Late last week Prada announced plans to go public. Rumors had been swirling about an IPO for most of 2010–actually, for most of the past decade. The new twist to the tales told last year was that the Company had decided to list on the Hong Kong stock exchange. And that is, in fact, what it plans to do. This move is either brilliant–or sheer, high-stakes lunacy.
Prada has always been more modern, more futuristic and more willing to take risks–aesthetically, strategically and financially–than other luxury companies. There have been some ill-considered acquisitions and the burden, at times, of an overly leveraged balance sheet. On the whole, however, Miuccia Prada and her CEO husband, Patrizio Bertelli, have done a masterful job of staying relevant and at the forefront of luxury and fashion, while growing Prada from $450,000 in sales, when they took over the company from her family in 1978, to well over $2 billion in annual revenues today.

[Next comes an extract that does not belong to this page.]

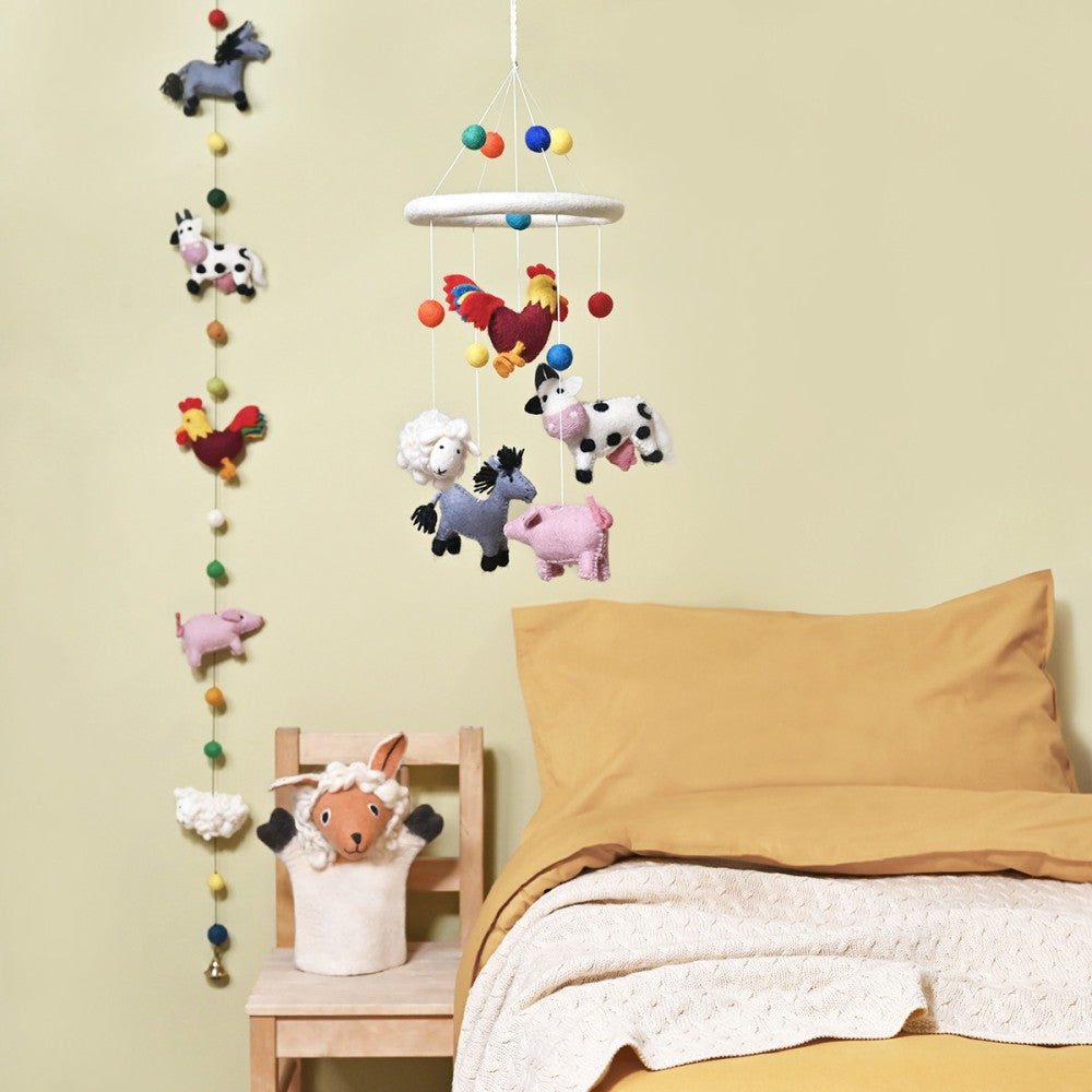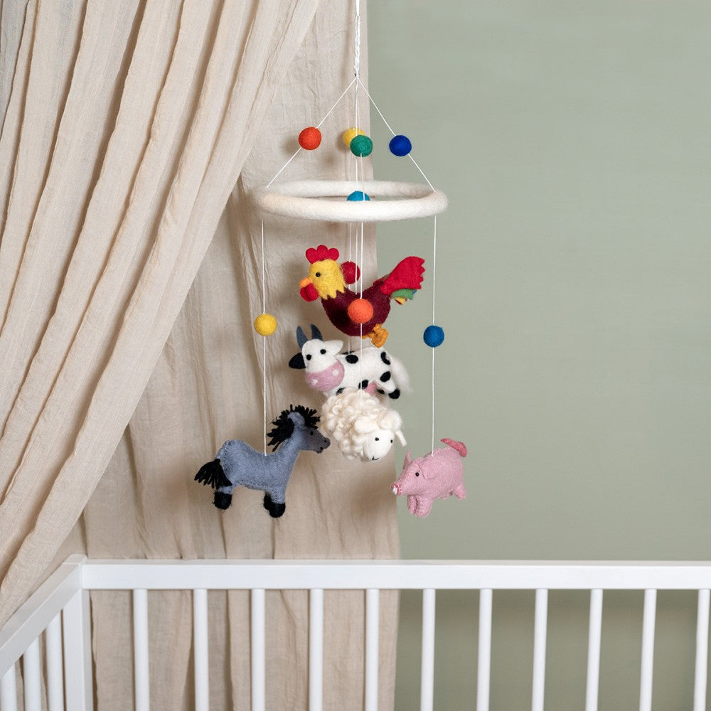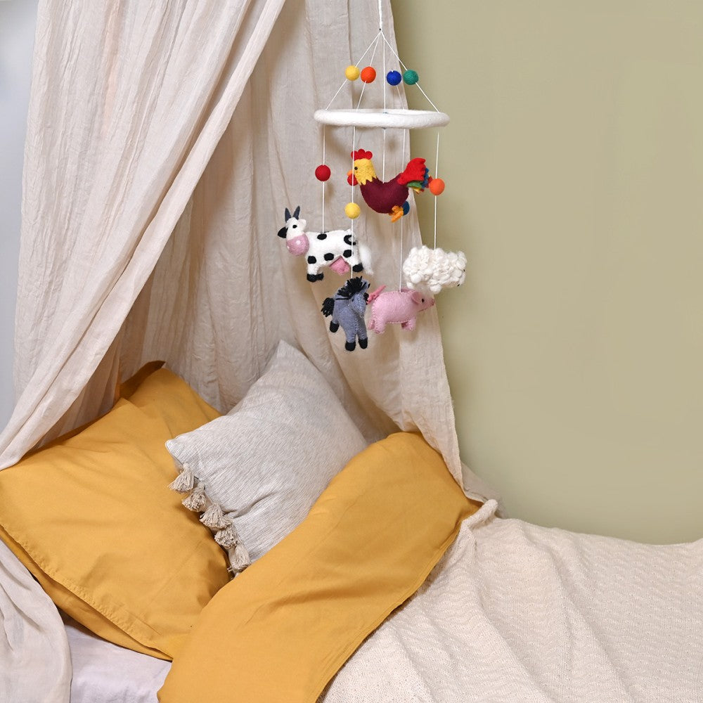 Deze sprookjesachtige mobiel met boerderij elementen gemaakt van vilt is een ware eyecatcher voor in de kamer van jouw kindje. Deze sfeervolle mobiel met boerderij elementen en dieren creëert een rustgevende en speelse sfeer in elke kinderkamer. Een prachtig decoratief stuk en een uniek cadeau voor jong en oud. Met de aanschaf van deze mobiel heb je een duurzaam product met een verhaal. Deze producten worden namelijk met de hand gevilt door vrouwen in Nepal. Lees het verhaal van sjaal met een verhaal hier!

Now, at a time when other luxury companies are, en masse, embracing the idea of heritage as a means of validating their essence, Prada is moving firmly into the future by attempting to craft an identity that matches its global footprint: borderless, drawing on and yet unattached to its Italian and even its European roots. Electing to list in Hong Kong is the latest–and most powerful–step in this delicate dance.
The first explicit step was made last September, when Miuccia introduced the Company’s Made In Collection. In the face of stricter rules being put in place to ensure the quality of the “Made in Italy” label, Prada announced that certain items sourced and created hand-in-hand with artisans in places such as Peru, India and Scotland would be labeled “Prada, Milano, Made in ____.” With this collection Prada was exposing and embracing the global nature of its business in an entirely new way, placing a confident vote that consumers value its product for the Prada name and workmanship, not for “Italy” filling in the blank.
Then in January, in rapid succession, came an announcement that the Company would open its first ever offices outside of Milan–design and research outposts in Paris and Hong Kong, followed by its first ever runway show outside of Europe–in Beijing, followed by the listing notice.
There are solid, near-term, practical market reasons for Prada to list in Hong Kong–including an extremely favorable valuation environment and more manageable reporting requirements. Nonetheless, had I been advising the Company on a public offering, I likely would have counseled that Prada go public in Europe, in Paris (not in Italy, where others have suggested). I would have based this strategy on three factors: listing in Europe reinforces Prada’s European identity; the Company’s peers, Hermès, LVMH and PPR, are traded in Paris (and Paris’ exchange is larger than Milan’s); Asia can come later.
Taken in tandem with other business moves made over the last six months, however, it is clear that there are more than market forces influencing the selection of Hong Kong as a listing domicile. And my advice would have been out of step with Prada’s vision of its future: the Company is not concerned with reinforcing its European identity, following its peers or waiting to embrace Asia. Prada is committing to a vision of luxury in the 21st century that draws from and lives in the world at large.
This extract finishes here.